Но вот к осени 1953 года, после прихода к власти Хрущева, обнаружилось, что "самое передовое в мире" сталинское сельское хозяйство – в жутком прорыве, и спасать его, в числе тысяч молодых специалистов, направили молодого мужа моей сестры. Они с маленьким ребенком уехали в Сумскую область, а я вернулся на Лермонтовскую, пригласив для компании приятеля-студента. Сам-то я тоже учился, но – вечером, а днем работал: чтецом-секретарем у слепого аспиранта кафедры философии университета – прямо у него на дому.

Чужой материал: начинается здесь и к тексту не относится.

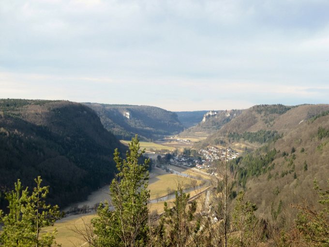 Abstieg auf der Ostseite Richtung Buttenloch (650 m) mit Wiederaufstieg und Abstecher zur Ruine Falkenstein (747 m). Abstieg zur Donau, die bei der Neumühle überquert wird.
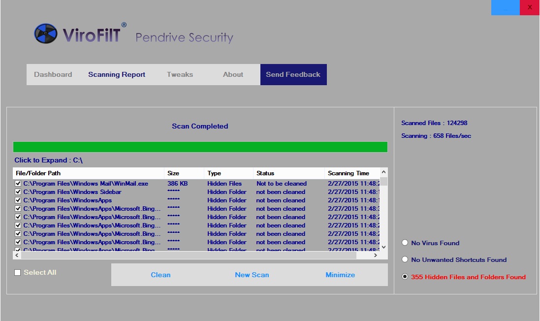 ViroFilT Pendrive Security is designed as a protection tool that can detect files and folders that pose a certain risk of infection to your system. The program runs in the background and can scan a selected drive on demand. You can choose to scan either the local drive, the entire system or a USB drive connected to your computer.
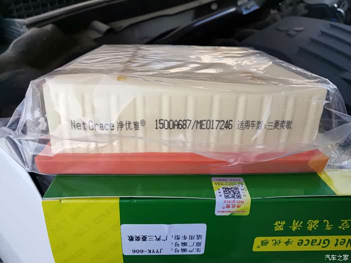 像这样,然后把卡扣的部分扳开,按旧的滤的方向把新的换上去。好了换完了这就是换滤芯的整个过程。结果这个是我想象中换空调滤芯,中间出了点小插曲。我把手扣的外框给扳了下来,扣不回去了。我也不敢用力怕弄坏。于是找了修车铺给按了一下。花了十元,加上买滤芯的50就一共是60。总的来说,奕歌相对于其他同价位车型来说,开了一年了除了油钱,一万多公里,大概5000多的油钱,算下来5毛一公里,是比较省钱的了。车上的用品什么的还没花什么钱,空气滤芯和空调滤芯都是比较好换的。而且保养一次也不是很贵套餐才428,同样带T合资车,换机油机滤,就价格不一样了。
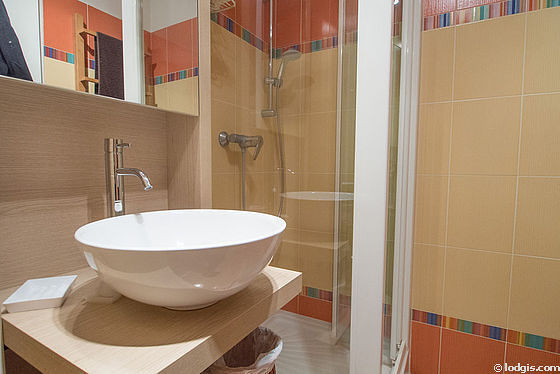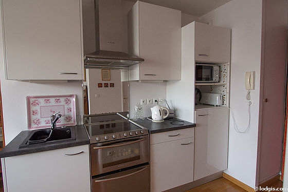 Cet appartement dispose d'une belle cuisine avec du parquet au sol et tout l'équipement indispensable pour votre quotidien : plaques de cuisson, réfrigerateur, four, micro ondes, freezer, hotte, grille pain, bouilloire électrique, cafetière, etagère, vaisselle.
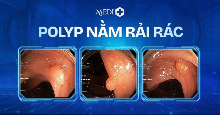 Trong quá trình nội soi tiêu hóa tại Phòng khám Đa khoa Mediplus Nam Định, các bác sĩ đã ghi nhận ca bệnh đặc biệt với nhiều polyp xuất hiện rải rác trên toàn bộ ống tiêu hóa, phát hiện nhiều polyp kích thước lớn, cuống dài.
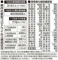 【17日・新型コロナ詳報】岐阜3101人感染、5人死亡 1週間の感染者数、前週の1・23倍
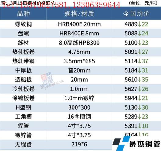 3月15日,國內厚壁無縫鋼管市場普遍下跌,唐山普方坯出廠價下跌20報4640元/噸。今日早盤,黑色期貨全線低開,厚壁無縫鋼管現貨市場跟隨下跌,隨著市場低價成交有所好轉,期螺跌勢有所放緩。
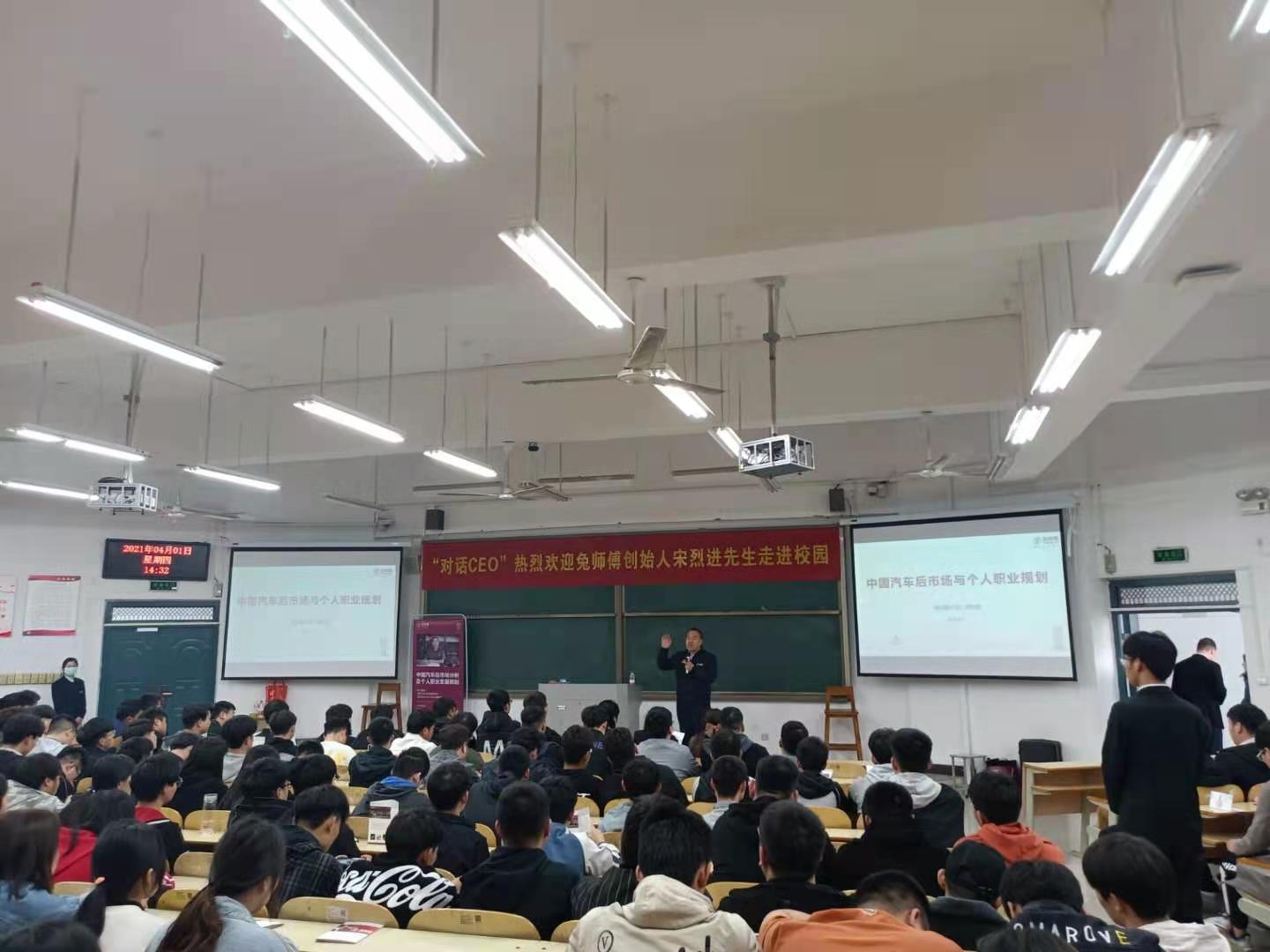 4月1日下午,汽车工程学院在1201教室举行了“对话CEO.企业创始人走进校园”大型讲座活动,北京兔师傅汽车科技有限公司创始人兼CEO宋烈进受邀来到公司演讲,公司350名师生参加了活动,本次活动由汽车工程学院副经理宋东方主持。
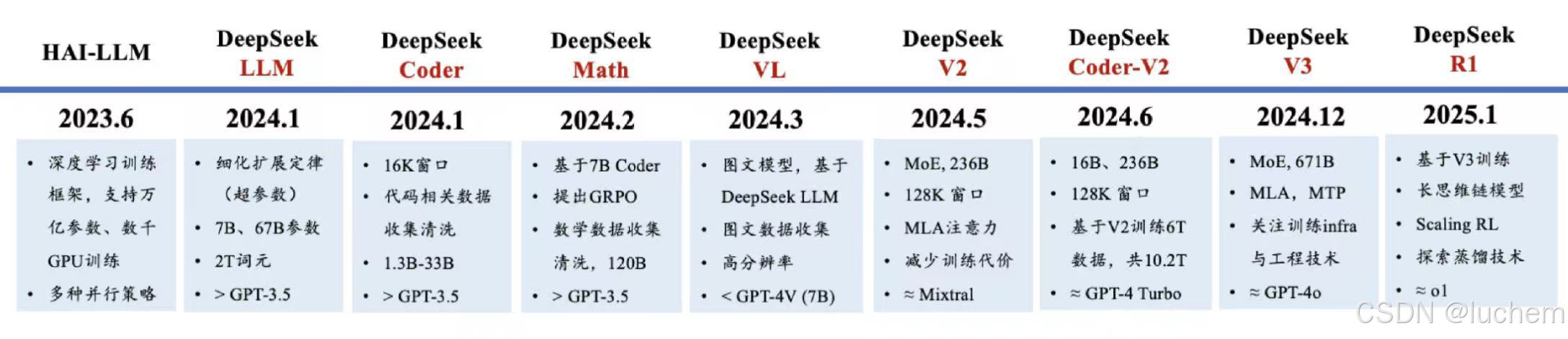 - 语言模型:DeepSeek LLM/V2/V3、Coder/Coder-V2、Math
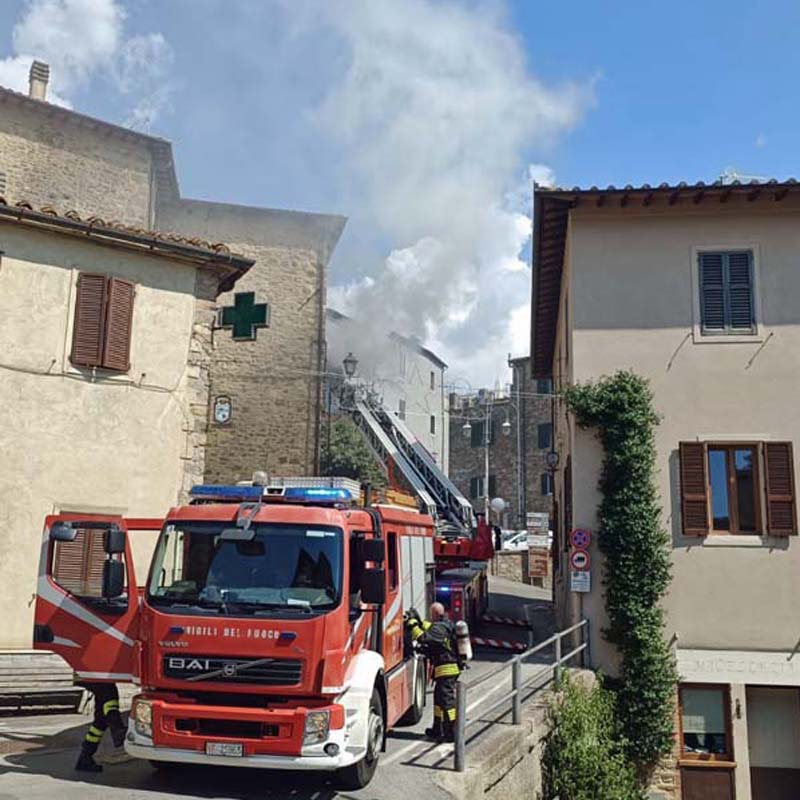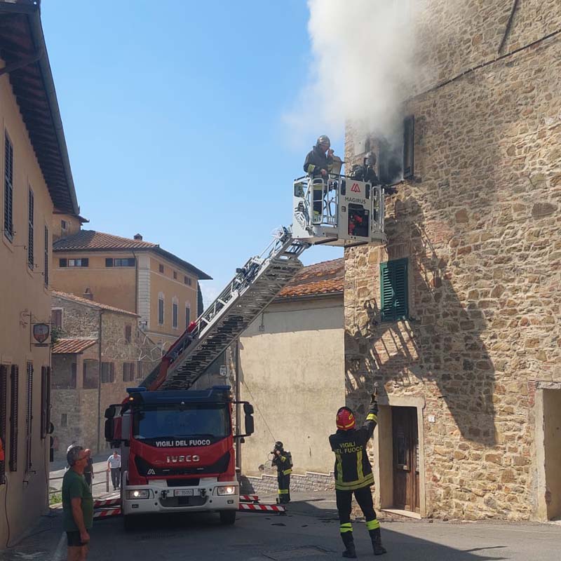 CAMPAGNATICO. Fuoco in un appartamento nel centro di Campagnatico, proprio sopra alla farmacia del paese.

Вот там-то, в квартире молодого философа, и раздался однажды тот телефонный звонок. Звонили мне.
– Здравствуйте, товарищ Рахлин, – сказал мне мужской голос. – Вы меня знаете: я ваш управдом Чуняк с Лермонтовской улицы (фамилия изменена). Мы не могли бы сейчас встретиться – в ваших же интересах?
Если можете – подойдите сейчас в 22-е почтовое отделение: вам недалеко, а я здесь вас уже жду.
Крайне заинтригованный, отпрашиваюсь у своего партнера и быстрым шагом направляюсь к почте, вспоминая по дороге облик нашего управдома. В памяти забрезжило что-то рыжеватое, лысоватое, еврееватое…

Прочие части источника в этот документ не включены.